Post : Nous avons remporté plus de courses: Waregem, Harelbeke, la Flèche Brabançonne. A peine une victoire acquise, je disais: -Il y a une autre course demain. Il faut la gagner. Je n’étais jamais satisfait. Avec Raleigh, nous avons gagné 11 étapes en un seul Tour. Discipline

Dans les années ’80, on parlait du système Post. De quoi s’agissait-il?

Post : C’était simple: réunir de bons coureurs prêts à rouler les uns pour les autres et leur faire comprendre qu’ils enregistreraient plus de succès s’ils formaient un bloc soudé.

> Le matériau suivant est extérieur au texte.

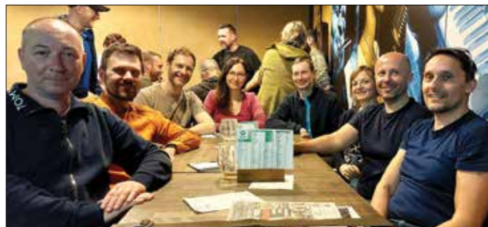
Vítězný tým dubnového kola QUIZu: NUDLÉ Z NOSU
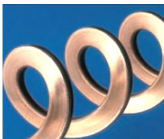
Plattspiral - ger 30% bättre prestanda.
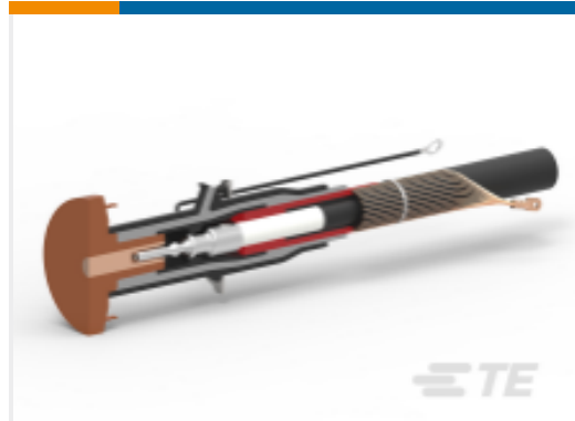
TE 产品编号EN3707-011 RSSS-525B
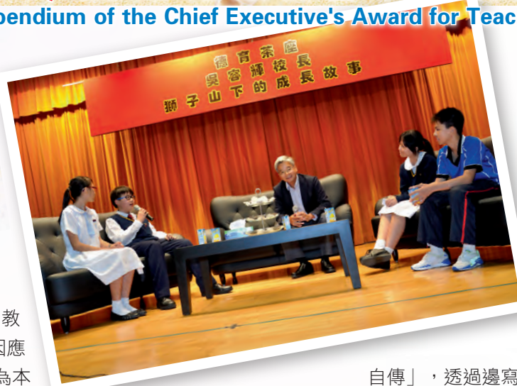
◀學生主持的德育茶座，邀請不同人士分享人生經歷。

人，便有助他們找出自我價值。因此，在中三「建立自尊」課程中，我們要求學生撰寫「我的自傳」，透過邊寫邊想的過程，了解過往零碎的人生片段，如何形成今天的自己。配以班主任、社會名人的人生經歷分享，以及到訪北京、上海等大城市，引發他們思考自己在國家及世界發展中擔任的角色。學生在完成自傳後，往往能深入地了解自己，肯定自我，更有目標的規劃自己的人生。
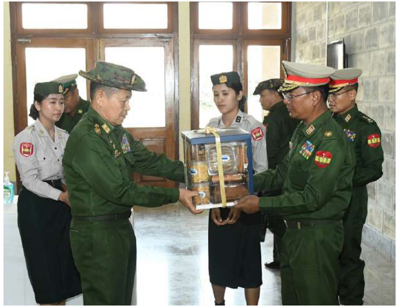
နိုင်ငံတော်စီမံအုပ်ချုပ်ရေးကောင်စီဒုတိယဥက္ကဋ္ဌ ဒုတိယတပ်မတော်ကာကွယ်ရေးဦးစီးချုပ် ကာကွယ်ရေးဦးစီးချုပ်(ကြည်း) ဒုတိယဗိုလ်ချုပ်မှူးကြီးစိုးဝင်း ဆေးရုံတွင် တာဝန်ထမ်းဆောင်လျက်ရှိသည့် ကျန်းမာရေးဝန်ထမ်းများအတွက် လက်ဆောင်ပစ္စည်းများ ချီးမြှင့်ငွေများပေးအပ်စဉ်။
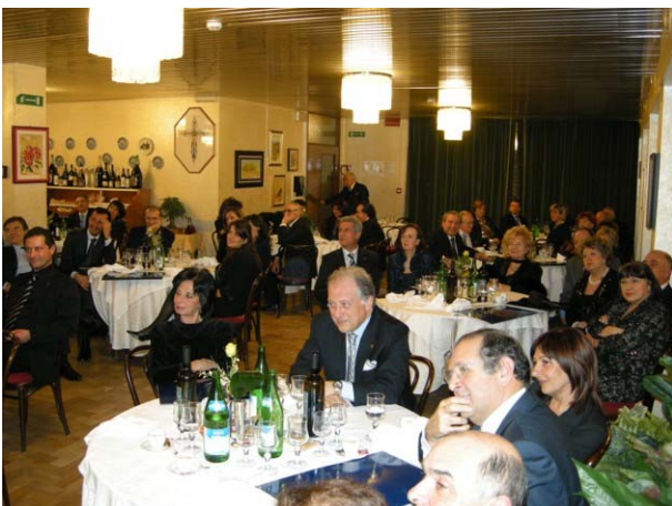
Numerosa l'affluenza dei soci alla serata

Unico appunto è stato fatto sulla Assiduità che, pur dimostrando un importante miglioramento negli ultimi anni, nel nostro club è ancora inferiore alla media del nostro distretto e a tal proposito ha suggerito alcune azioni da intraprendere verso gli assenteisti ingiustificati per tentarne un proficuo recupero.
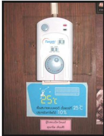
ป้ายรณรงค์การใช้เครื่องปรับอากาศ
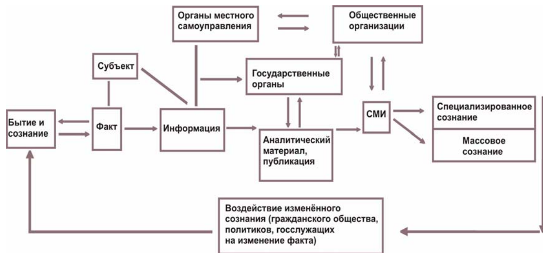
Рис. 1. Информационные процессы как средство государственного управления

Последовательность влияния на мнение граждан в результате инициации того или иного политического события отображена на рис. 1, предлагаемом В. Д. Поповым 24 .
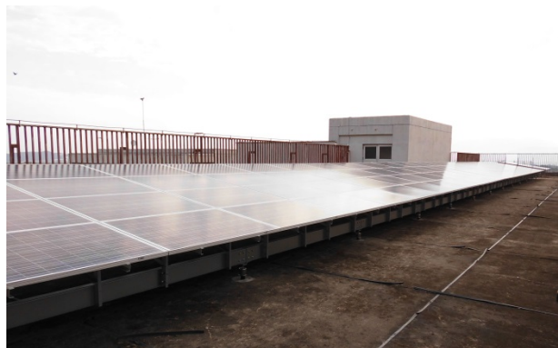
博多工業高等学校

国際L&Dは、不動産事業に環境・太陽光発電事業を組み込んだ「グリーンプロパティ」サービスの提供を通じて、安全・安心で災害に強いまちづくり、地域社会やお客様の資産価値向上と環境価値の創出に取り組んでいます。
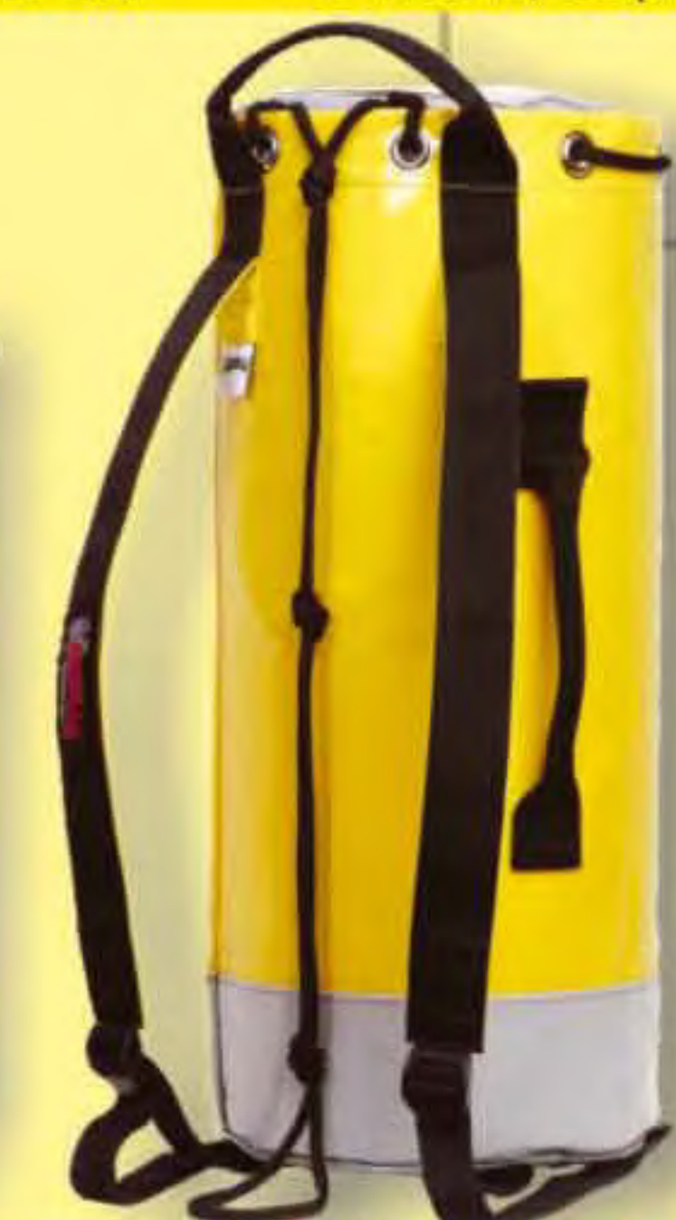
▲ Medium P-224 Base ∅: 23 cm. H: 53 cm.; Cap.: 24 Lit.
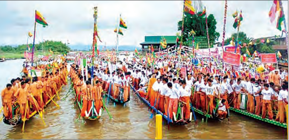
နေမျိုးသူရိန်
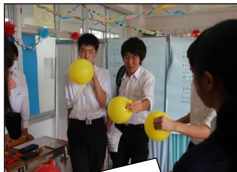
風船をふくらまして肺活量を調べています。
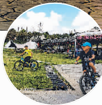
▲孩子们在贵安新区车田村骑行。

以“庆中秋·迎国庆”为主题举行文艺活动,让广大群众在欢乐的氛围中欢度中秋、国庆佳节。
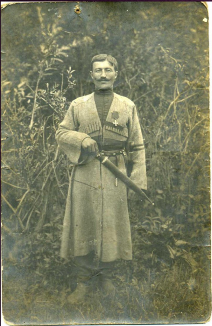
Унтер-офицер Черкесского полка «Дикой дивизии»

ЧЕРКЕССКИЙ КОННЫЙ ПОЛК ДИВИЗИИ БЫЛ СФОРМИРОВАН ИЗ ДОБРОВОЛЬЦЕВ – ЖИТЕЛЕЙ ЕКАТЕРИНОДАРСКОГО, МАЙКОПСКОГО И БАТАЛПАШИН- СКОГО ОТДЕЛОВ КУБАНСКОЙ ОБЛАСТИ. ВСАДНИКОВ, ДОСТОЙНЫХ ВСТАТЬ В РЯДЫ ПОЛКА, КАЖДОЕ СЕЛО И АУЛ ВЫБИРАЛИ НА СХОДАХ НА КОНКУРСНОЙ ОСНОВЕ ИЗ ЧИСЛА СВОИХ ЖИТЕЛЕЙ.
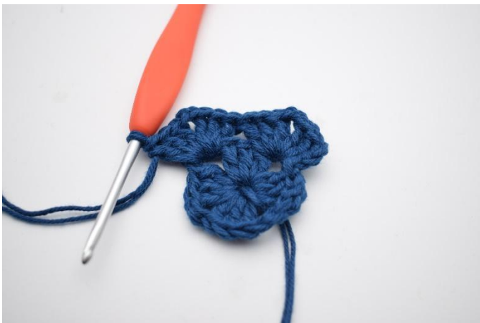
5. Så här.
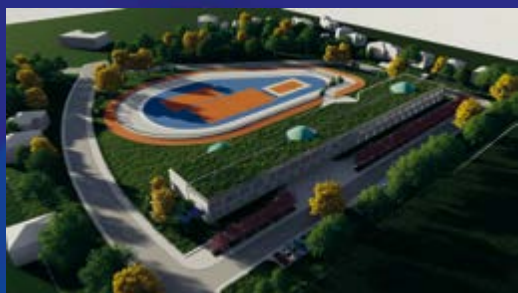
Buduća zgrada Srednje škole Koprivnica
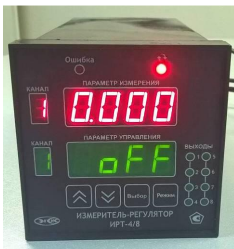
Рисунок 2 - Общий вид измерителя-регулятора ИРТ-4/8
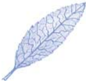
Fulles simples amb el marge dentat
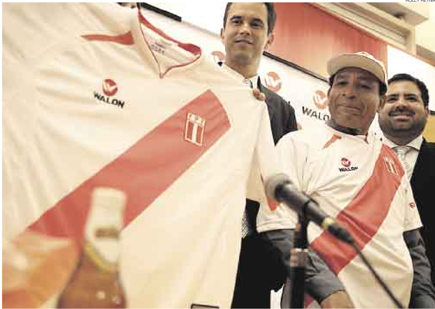
SÍMBOLO. El legendario 'Capitán de América' volvió a vestirse la blanquirroja pero solo para la presentación del nuevo modelo 2007.

El lunes llegan 'extranjeros' Los entrenamientos de la selección se suspendieron desde ayer por las elecciones en la FPF, pero el
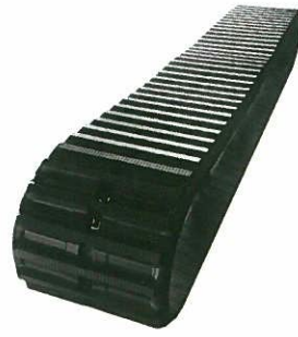
<ゴムクローラ> キャリアダンプ
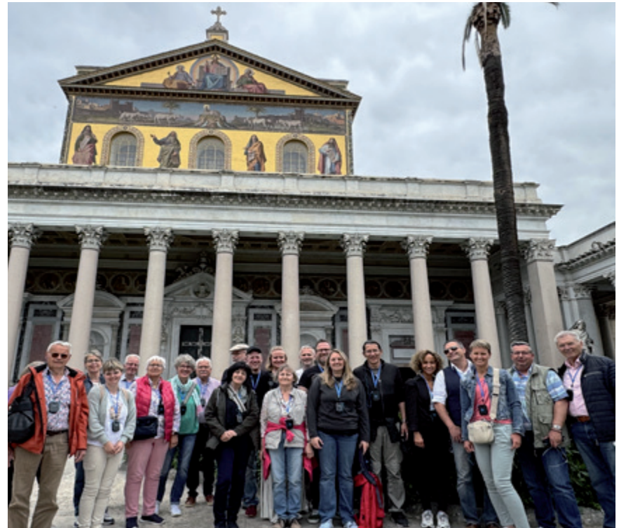
Pilgergruppe der Bruderschaft vor der Kirche „St. Paul vor den Mauern“, Foto Maik Wellens

Nach einer kurzen Stärkung ging es dann in den Untergrund zu den Katakomben von Santa Domitilla. In diesem größten Katakomben System Roms aus den ersten vier Jahrhunderten nach Christi Geburt fühlt man sich ein wenig wie Indiana Jones. Allerdings sind in solchen Katakomben keine Skelette zu finden, dafür zahlreiche antike Fresken und Gedenken an den frühchristlichen Optimismus. „Und wir wissen, dass für die, die Gott lieben und nach seinem Willen zu ihm gehören, alles zum Guten zusammenwirkt.“, schrieb Paulus in seinem Brief an die Römer. Mit diesem Glauben bestatteten die frühen Christen ihre Toten in eben solchen Katakomben. Den Abend verbrachten wir in
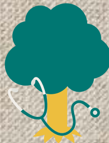
植物のお医者さん
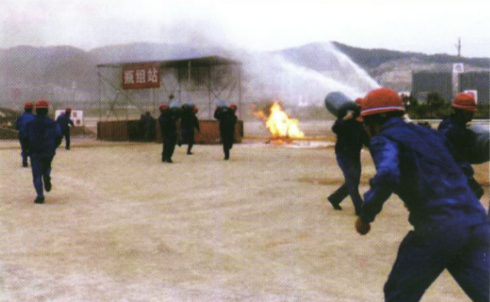
2009年8月3日,福建宁德安然组成燃气抢险分队参加“闽东-2009”民兵预备役部队能力建设演练,承担模拟燃气泄漏应急抢险任务,燃气抢险分队从参演队伍中脱颖而出,最终摘冠。图为演练现场。(宁德安然燃气有限公司通讯员报道)
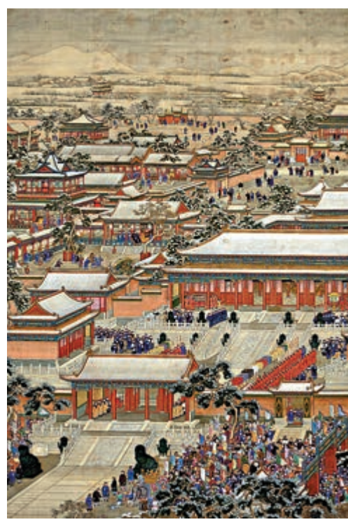
▲《萬國來朝圖》，反映清中期北京宮殿總體面貌

其後元世祖忽必烈決心建都大都城，考慮的就是此地「右（西）擁太行，左（東）注滄海」，在全中國版圖上東西兼顧陸疆、海疆兩方面；尤其是「撫中原，奠朔方」，因應北方少數民族崛起，中原農耕文化與北部邊疆遊牧文化，這兩種一面對峙的力量，在北京地區交會的現實。
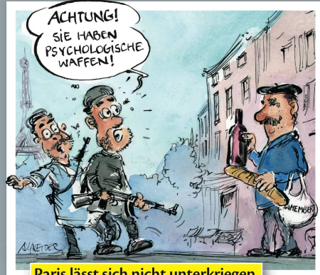
Paris lässt sich nicht unterkriegen
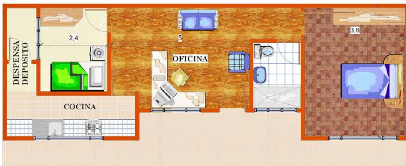
PLANTA BAJA FUNCION ACTUAL
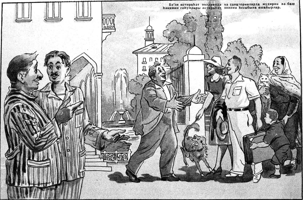
Бәзи истираҗәт эвләриндә нә санаторияларда мүдирин нә бәш һәкимин гоһүмләри истираҗәт эвлин һесәбна яшайырлар.

— Мүдир бу адамлары нә мөһрибан гарышлайыр? — Өз айле үзләридрир дә. Яй мөвсими бурада кечирөчөкләр
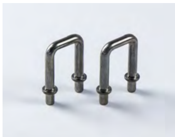
ISO FIX BÜGEL
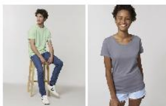
Creator Stella Expresser
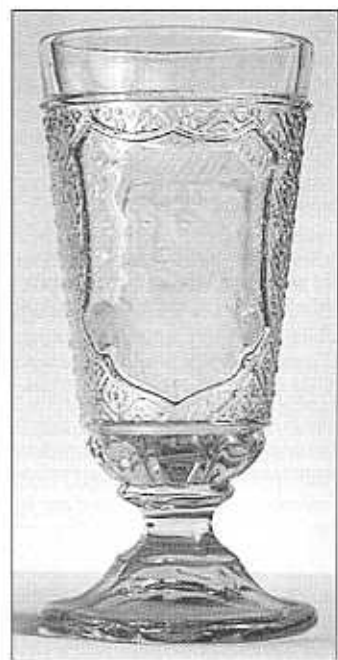
Pohár, „dívka s čepcem“ v erbu, matováno, zbytky pozlacení, čiré sklo s lehkým hnědým nádechem, výška 16,8 cm, průměr 7,8 cm, sbírka Geiselberger, pravděpodobně S. Reich & Co., okolo roku 1880, bez značky, viz Sellner 1986, kat. č. 122, pohár s divčí hlavou (šlechtična), křišťál, výška 16,7 cm, St. Louis (?), 4. čtvrtina 19. století, bez značky, sbírka Reidel
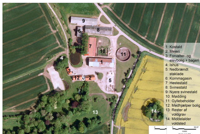
Billede 1. Orthofoto af "Gammelgaard" med bygningsanlæg og nærmeste omgivelser.

"Gammelgaard" er bygget og anlagt på tre plateauer, et forholdsvis smalt overgangslandskab, mellem et storbakket morænelandskab og et lavbundsområde med et vandløb, som ender i et større moseområde.
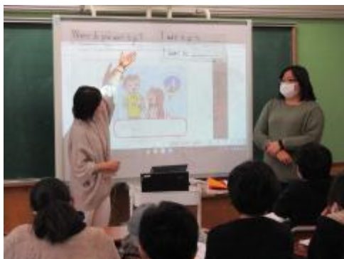
しっかり聞き取り

「Where do you want to go?」「I want to go to ○○.」「I want to ○○.」の構文を使った様々な文章を聞き取り、覚え、それを使った会話練習をしました。沖縄、兵庫、様々な場所を思い浮かべながら、英会話を楽しみました。
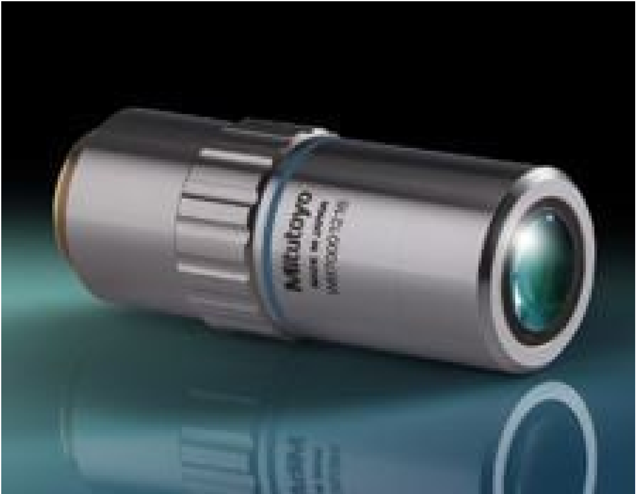
50X Mitutoyo Plan Apo Infinity Corrected Long WD Objective, #46-146
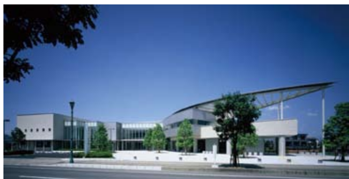
那珂市立図書館 設計監理：桂設計 施工：安藤建設 撮影：SS東京

La discipline primait tout….

Planckaert : J’étais fier de rouler dans cette équipe. Le seul qui faisait un peu bande à part, était Vanderaerden. Eric était plus complet que moi mais j’étais plus rapide. Une anecdote. A Hoeselt, Eric a été champion de Belgique, devant moi. Une semaine plus tard, première étape du Tour de France, sprint massif. Il était convenu que je serais le leader. A 700 mètres de l’arrivée, Eric a foncé comme un fou, pour coincer 400 m plus loin. Je reste persuadé qu’il a voulu tenter sa chance en pensant: – Si Planckaert ne gagne pas, on jouera ma carte demain.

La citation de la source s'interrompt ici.